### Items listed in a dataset
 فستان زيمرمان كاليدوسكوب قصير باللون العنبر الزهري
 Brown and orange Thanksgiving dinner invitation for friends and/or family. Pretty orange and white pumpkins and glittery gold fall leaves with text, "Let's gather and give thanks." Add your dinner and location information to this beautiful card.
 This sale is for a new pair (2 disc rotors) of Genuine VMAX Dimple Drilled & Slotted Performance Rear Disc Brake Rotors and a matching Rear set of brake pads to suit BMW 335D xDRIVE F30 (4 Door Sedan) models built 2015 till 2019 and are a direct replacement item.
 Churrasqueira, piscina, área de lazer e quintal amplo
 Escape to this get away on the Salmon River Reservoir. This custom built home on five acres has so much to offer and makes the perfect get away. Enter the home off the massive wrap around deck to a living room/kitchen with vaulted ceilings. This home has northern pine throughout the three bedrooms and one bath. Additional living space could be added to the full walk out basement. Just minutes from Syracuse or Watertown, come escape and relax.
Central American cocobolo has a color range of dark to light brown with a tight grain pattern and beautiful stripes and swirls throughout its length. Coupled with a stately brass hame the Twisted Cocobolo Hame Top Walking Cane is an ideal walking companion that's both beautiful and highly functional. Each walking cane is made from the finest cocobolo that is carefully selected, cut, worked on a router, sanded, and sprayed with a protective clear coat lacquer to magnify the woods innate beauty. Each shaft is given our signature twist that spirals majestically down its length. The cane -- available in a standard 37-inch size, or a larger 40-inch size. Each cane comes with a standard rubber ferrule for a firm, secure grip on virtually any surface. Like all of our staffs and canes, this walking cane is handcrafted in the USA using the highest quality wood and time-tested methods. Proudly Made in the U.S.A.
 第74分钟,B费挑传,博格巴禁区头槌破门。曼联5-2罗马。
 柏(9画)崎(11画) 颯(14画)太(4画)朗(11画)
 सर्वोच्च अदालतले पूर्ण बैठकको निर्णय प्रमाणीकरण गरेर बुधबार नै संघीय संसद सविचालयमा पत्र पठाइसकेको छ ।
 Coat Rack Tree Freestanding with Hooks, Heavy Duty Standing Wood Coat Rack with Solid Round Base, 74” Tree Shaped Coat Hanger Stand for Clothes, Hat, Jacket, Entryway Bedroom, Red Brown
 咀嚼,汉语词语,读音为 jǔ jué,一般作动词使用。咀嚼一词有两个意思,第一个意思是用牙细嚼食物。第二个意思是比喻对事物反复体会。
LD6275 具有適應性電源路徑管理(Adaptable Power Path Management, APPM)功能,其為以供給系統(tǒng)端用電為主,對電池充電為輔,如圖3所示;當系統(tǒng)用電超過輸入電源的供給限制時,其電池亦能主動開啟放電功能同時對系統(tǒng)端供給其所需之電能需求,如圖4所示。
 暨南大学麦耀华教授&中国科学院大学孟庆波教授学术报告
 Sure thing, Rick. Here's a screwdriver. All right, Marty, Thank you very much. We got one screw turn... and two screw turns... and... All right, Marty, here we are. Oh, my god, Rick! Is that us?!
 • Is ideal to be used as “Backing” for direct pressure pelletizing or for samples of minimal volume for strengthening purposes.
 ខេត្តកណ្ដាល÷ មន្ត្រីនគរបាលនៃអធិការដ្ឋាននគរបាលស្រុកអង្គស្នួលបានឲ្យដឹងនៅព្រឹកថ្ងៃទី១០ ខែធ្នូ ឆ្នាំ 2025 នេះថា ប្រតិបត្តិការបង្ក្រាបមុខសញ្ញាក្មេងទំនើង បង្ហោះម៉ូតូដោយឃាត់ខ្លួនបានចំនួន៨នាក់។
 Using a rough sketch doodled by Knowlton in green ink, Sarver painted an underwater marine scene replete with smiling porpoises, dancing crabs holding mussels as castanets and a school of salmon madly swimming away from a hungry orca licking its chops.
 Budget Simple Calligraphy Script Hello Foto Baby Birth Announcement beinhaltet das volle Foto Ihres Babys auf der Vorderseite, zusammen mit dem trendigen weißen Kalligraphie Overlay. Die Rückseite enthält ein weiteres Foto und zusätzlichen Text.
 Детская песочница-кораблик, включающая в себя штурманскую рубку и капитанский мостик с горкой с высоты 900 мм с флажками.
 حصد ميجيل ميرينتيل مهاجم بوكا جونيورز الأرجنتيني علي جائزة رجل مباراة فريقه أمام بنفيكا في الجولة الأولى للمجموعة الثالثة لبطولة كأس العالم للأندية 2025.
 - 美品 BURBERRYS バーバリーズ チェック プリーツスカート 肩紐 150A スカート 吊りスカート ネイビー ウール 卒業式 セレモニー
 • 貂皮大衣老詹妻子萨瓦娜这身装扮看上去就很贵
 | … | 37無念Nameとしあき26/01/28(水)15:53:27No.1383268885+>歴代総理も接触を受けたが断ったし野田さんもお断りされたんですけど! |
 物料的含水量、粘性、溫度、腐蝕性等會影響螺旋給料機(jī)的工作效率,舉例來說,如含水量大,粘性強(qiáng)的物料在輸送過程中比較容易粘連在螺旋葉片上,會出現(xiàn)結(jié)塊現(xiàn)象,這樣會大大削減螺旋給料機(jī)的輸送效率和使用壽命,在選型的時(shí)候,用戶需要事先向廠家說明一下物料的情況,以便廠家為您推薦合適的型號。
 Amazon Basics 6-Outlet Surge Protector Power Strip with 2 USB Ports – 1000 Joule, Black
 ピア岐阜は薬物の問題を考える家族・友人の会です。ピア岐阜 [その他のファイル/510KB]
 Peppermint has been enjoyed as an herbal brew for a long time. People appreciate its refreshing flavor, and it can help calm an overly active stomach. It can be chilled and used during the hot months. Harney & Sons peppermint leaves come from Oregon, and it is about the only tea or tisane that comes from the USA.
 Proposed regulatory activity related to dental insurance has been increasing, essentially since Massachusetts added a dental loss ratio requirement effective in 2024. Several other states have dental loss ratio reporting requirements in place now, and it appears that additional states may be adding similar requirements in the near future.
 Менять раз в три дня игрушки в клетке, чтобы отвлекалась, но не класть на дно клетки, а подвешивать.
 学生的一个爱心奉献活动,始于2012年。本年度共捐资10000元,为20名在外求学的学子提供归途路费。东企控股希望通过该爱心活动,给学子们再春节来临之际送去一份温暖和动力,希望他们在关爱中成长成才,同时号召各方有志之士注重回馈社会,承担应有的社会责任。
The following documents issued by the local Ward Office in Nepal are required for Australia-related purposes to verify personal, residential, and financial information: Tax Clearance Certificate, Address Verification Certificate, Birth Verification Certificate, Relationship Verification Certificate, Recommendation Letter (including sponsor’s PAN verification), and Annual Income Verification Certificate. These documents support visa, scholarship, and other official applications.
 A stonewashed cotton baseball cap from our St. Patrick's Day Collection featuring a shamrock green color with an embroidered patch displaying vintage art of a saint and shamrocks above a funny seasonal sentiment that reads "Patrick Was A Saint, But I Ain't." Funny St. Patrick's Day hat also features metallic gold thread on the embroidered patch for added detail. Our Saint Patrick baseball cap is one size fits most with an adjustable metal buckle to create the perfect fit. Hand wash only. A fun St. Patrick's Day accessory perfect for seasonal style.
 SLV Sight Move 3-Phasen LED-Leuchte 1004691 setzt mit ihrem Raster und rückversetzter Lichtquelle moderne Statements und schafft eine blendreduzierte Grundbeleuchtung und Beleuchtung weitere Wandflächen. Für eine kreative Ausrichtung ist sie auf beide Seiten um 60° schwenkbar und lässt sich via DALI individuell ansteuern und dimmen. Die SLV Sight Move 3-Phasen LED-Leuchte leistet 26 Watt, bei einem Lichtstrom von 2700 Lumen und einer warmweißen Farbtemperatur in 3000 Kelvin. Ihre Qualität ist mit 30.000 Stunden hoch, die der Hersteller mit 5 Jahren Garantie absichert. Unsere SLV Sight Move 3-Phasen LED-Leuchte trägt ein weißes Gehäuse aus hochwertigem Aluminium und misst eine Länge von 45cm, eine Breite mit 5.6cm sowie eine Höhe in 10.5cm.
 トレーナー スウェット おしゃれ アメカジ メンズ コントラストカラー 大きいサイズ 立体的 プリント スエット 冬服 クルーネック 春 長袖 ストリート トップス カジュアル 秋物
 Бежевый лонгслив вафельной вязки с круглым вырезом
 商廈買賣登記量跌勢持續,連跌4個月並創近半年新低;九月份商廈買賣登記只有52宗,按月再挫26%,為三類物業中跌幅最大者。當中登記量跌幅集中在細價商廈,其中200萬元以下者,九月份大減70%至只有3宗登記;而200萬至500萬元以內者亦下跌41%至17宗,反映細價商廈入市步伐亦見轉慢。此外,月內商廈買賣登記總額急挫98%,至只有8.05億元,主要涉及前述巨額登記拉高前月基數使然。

### YOUR OBJECTIVE
Return word for word the lines above from the line with "学生的一个爱心奉献活动,始于" to the line with "A stonewashed cotton", including both and leaving out all others.

### EXERCISE ANSWER
 学生的一个爱心奉献活动,始于2012年。本年度共捐资10000元,为20名在外求学的学子提供归途路费。东企控股希望通过该爱心活动,给学子们再春节来临之际送去一份温暖和动力,希望他们在关爱中成长成才,同时号召各方有志之士注重回馈社会,承担应有的社会责任。
The following documents issued by the local Ward Office in Nepal are required for Australia-related purposes to verify personal, residential, and financial information: Tax Clearance Certificate, Address Verification Certificate, Birth Verification Certificate, Relationship Verification Certificate, Recommendation Letter (including sponsor’s PAN verification), and Annual Income Verification Certificate. These documents support visa, scholarship, and other official applications.
 A stonewashed cotton baseball cap from our St. Patrick's Day Collection featuring a shamrock green color with an embroidered patch displaying vintage art of a saint and shamrocks above a funny seasonal sentiment that reads "Patrick Was A Saint, But I Ain't." Funny St. Patrick's Day hat also features metallic gold thread on the embroidered patch for added detail. Our Saint Patrick baseball cap is one size fits most with an adjustable metal buckle to create the perfect fit. Hand wash only. A fun St. Patrick's Day accessory perfect for seasonal style.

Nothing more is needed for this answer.